An earlier study, meeting most standards for appraising the quality of an economic analysis, projected that MammaPrint would result in an absolute 5% decrease in the proportion of distant recurrence cases prevented and would yield slightly fewer quality-adjusted life years, but would marginally lower total costs (USD 2882).40 The authors suggested the need for further validation before use in clinical practice.
The EGAPP Working Group found the research literature insufficient, but encouraging in many respects, and recommends further studies that could address important gaps in knowledge.
BIN V-6: Category 2B recommendation, defined as “nonuniform NCCN consensus (but no major disagreement), based on lower-level evidence including clinical experience . . .”41
“For patients with hormone receptor-positive, HER2-negative tumors that are 0.6–1.0 cm and moderately/poorly differentiated or with unfavorable features, or >1 cm, the recommendation for use of a 21-gene RT-PCR assay (category 2B) was added to the systemic adjuvant treatment decision pathway as an option for guiding chemotherapy treatment decisions.” Pending the results of prospective trials, the NCCN Breast Cancer Panel considered the 21-gene RT-PCR assay (Oncotype DX) as an option for patients described above. “The panel emphasizes that the recurrence score should be used for decision making only in the context of other elements of risk stratification for an individual patient.”
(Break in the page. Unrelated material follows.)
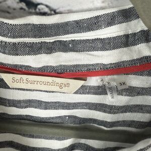 Soft Surroundings Nautique Stripe Linen Shift Dress Women's Plus 3X Black White.
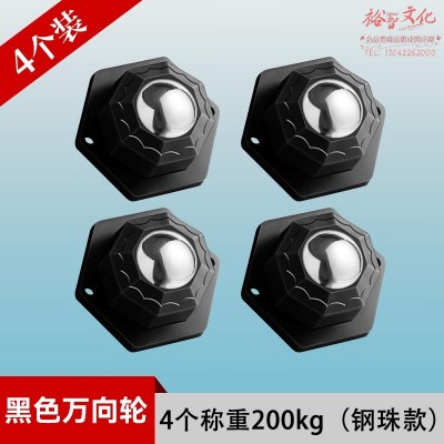 万向轮大承重360度旋转家具茶几衣柜床头柜轮子免打孔粘贴 黑色4只装(钢珠)SKU:yzwhyp963026

And in regard to microarray-based assays: “While many of the DNA microarray technologies are able to stratify patients into prognostic and/or predictive subsets on retrospective analysis, the gene subsets differ from study to study and prospective clinical trials testing the utility of these techniques have yet to be reported.”41
“In newly diagnosed patients with node-negative, estrogen-receptor positive breast cancer, the Oncotype DX assay can be used to predict the risk of recurrence in patients treated with tamoxifen. . . . (and) to identify patients who are predicted to obtain the most therapeutic benefit from adjuvant tamoxifen and may not require adjuvant chemotherapy . . . . . patients with high recurrence scores appear to achieve relatively more benefit from adjuvant chemotherapy (specifically (C)MF) than from tamoxifen . . . . .”42
“The key clinical issues for this technology included the following:
“Existing studies provide clinical validation for the ability of the Oncotype DX assay and the MammaPrint assay to predict tumor recurrence and response to chemotherapy. However, the studies are insufficient to allow one to draw strong conclusions regarding the clinical utility of these assays for guiding treatment decisions for patients with early-stage invasive breast cancer.”
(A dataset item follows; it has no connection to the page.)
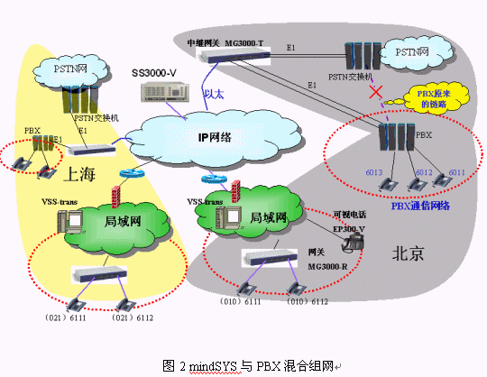 傳統(tǒng)的通信網(wǎng)絡(luò)很發(fā)達(dá),很多機(jī)構(gòu)都通過小型程控交換機(jī)(PBX)來組建小型的電話網(wǎng)。在我們做VOIP系統(tǒng)的規(guī)劃時(shí),就需要考慮新的VOIP系統(tǒng)和原有的PBX如何協(xié)同工作的問題。首先,我們還需要使用PBX,不能因?yàn)榻ㄔO(shè)新的系統(tǒng)就浪費(fèi)原有的投資。其次,大家都習(xí)慣了原來的PBX的使用方式,如4位內(nèi)部小號(hào),我們希望能夠不改變或盡量少改變用戶的使用習(xí)慣,這樣才能比較平滑的過渡到VOIP。MindSYS充分考慮了行業(yè)用戶的這種特點(diǎn),能夠與PBX聯(lián)合組網(wǎng),并且新的VOIP系統(tǒng)可以使用與原來PBX等長的小號(hào),對(duì)用戶來說新舊系統(tǒng)的使用習(xí)慣是沒有分別的,兩個(gè)系統(tǒng)可以互通。

Disclosure: Steven Teutsch is an employee, option and stock holder in Merck & Co., Inc. Margaret Piper is employed by the Blue Cross Blue Shield Association Technology Evaluation Center and has previously authored a technology assessment on on breast cancer gene expression profiling. TEC Assessment Program 2008;22(13):1–51. Available at: http://www.bcbs.com/blueresources/tec/vols/22/22_13.pdf.
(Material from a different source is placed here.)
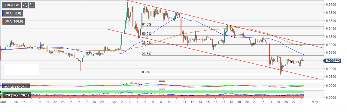 XRP/USD is up a subtle 0.05% on Monday to trade at $0.300. The price seems to be cultivating sideways trading following the stormy weather experienced last week across the market. Unlike, other major cryptocurrencies, Ripple was among the worst hit with declines hitting lows close to $0.2800.

Disclaimer: This recommendation statement is a product of the independent EGAPP Working Group. Although the Centers for Disease Control and Prevention (CDC) provides support to the EGAPP Working Group, including staff support in the preparation of this document, recommendations made by the EGAPP Working Group should not be construed as official positions of the CDC or the U.S. Department of Health and Human Services.